Cardiac dysfunction caused by purified human C3a anaphylatoxin.

The purpose of this investigation was to define the cardiac effects of complement-derived C3a anaphylatoxin, in view of the possibility that cardiac dysfunction may occur as a result of complement activation. Purified human C3a was administered by intracoronary bolus injections into isolated guinea pig hearts. As a function of dose, C3a caused tachycardia, impairment of atrioventricular conduction, left ventricular contractile failure, coronary vasoconstriction, and histamine release. These effects were abolished by cleavage of the COOH-terminal arginine by carboxypeptidase B. The magnitude of C3a-induced tachycardia correlated with the amount of endogenous cardiac histamine released into the coronary effluent.
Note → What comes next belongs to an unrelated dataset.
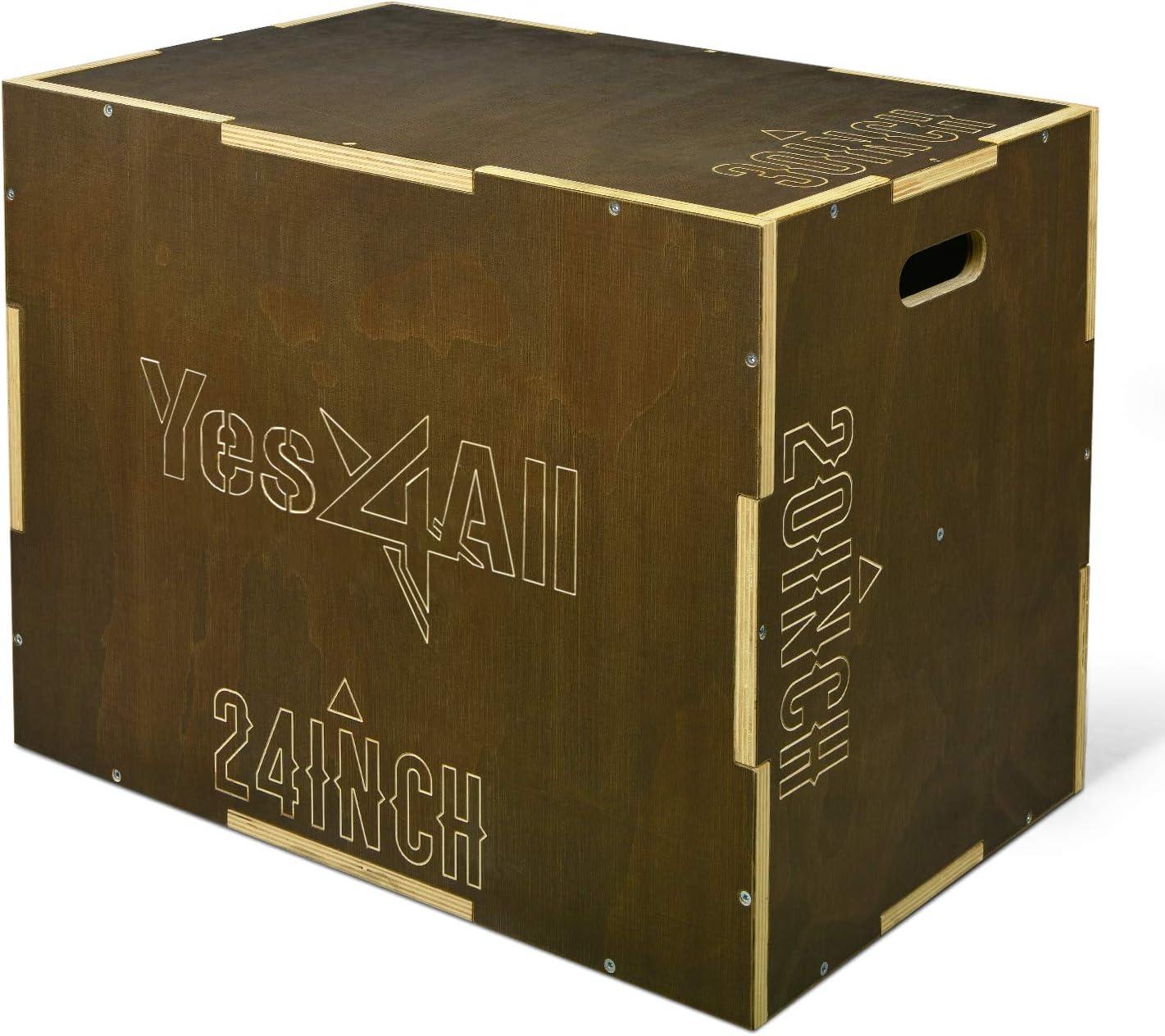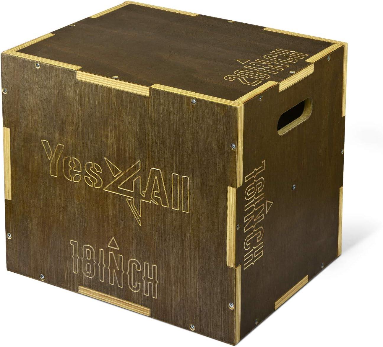 Yes4All Plyo Box, 3-in-1 Wooden Box Jumps for Home Gym, 450 lbs Boxes Step Up with Smooth Edges & Wide Built-in Handles for Jumping, Strength Training, Lunges, Squats, Dips(C. Wood - Moss Brown)

Whereas the tachycardia was markedly reduced by the histamine H2 antagonist cimetidine, the contractile failure and the coronary vasoconstriction caused by C3a were antagonized by the leukotriene antagonist FPL 55712 and by the cyclooxygenase inhibitor indomethacin, respectively. This suggests that histamine, leukotrienes, and vasoactive prostanoates may mediate the various cardiac effects of C3a. Our findings indicate that C3a anaphylatoxin has marked cardiac effects at concentrations that are likely to be attained with a degree of C3 activation commonly seen in various disease states. Thus, our data are compatible with the hypothesis that generation of anaphylatoxins may induce cardiac dysfunction in clinical conditions.